### RECORDS SUPPLIED ###
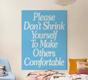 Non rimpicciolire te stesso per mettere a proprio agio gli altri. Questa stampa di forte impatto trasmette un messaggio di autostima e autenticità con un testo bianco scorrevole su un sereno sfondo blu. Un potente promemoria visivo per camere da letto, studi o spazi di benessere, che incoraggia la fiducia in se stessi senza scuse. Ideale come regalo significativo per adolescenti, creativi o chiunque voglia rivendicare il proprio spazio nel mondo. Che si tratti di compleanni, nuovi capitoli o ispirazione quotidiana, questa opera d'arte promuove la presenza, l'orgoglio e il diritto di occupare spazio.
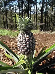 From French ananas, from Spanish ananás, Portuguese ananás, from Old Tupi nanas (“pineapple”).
###
### RECORDS SUPPLIED ###
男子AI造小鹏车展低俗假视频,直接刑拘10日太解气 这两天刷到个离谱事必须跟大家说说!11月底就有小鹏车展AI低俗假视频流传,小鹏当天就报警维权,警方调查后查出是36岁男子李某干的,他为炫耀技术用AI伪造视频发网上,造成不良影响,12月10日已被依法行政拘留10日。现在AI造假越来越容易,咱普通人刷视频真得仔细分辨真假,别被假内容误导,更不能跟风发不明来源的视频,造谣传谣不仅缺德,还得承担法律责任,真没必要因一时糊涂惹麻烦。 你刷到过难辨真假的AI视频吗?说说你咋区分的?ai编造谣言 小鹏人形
###
■ WHAT YOU ARE ASKED TO DO:
With the pictures omitted, restate word for word the lines above from the line that has "Non rimpicciolire te" up to and including the line that has "From French ananas, from", and no other lines.

■ THE ANSWER:
 Non rimpicciolire te stesso per mettere a proprio agio gli altri. Questa stampa di forte impatto trasmette un messaggio di autostima e autenticità con un testo bianco scorrevole su un sereno sfondo blu. Un potente promemoria visivo per camere da letto, studi o spazi di benessere, che incoraggia la fiducia in se stessi senza scuse. Ideale come regalo significativo per adolescenti, creativi o chiunque voglia rivendicare il proprio spazio nel mondo. Che si tratti di compleanni, nuovi capitoli o ispirazione quotidiana, questa opera d'arte promuove la presenza, l'orgoglio e il diritto di occupare spazio.
 From French ananas, from Spanish ananás, Portuguese ananás, from Old Tupi nanas (“pineapple”).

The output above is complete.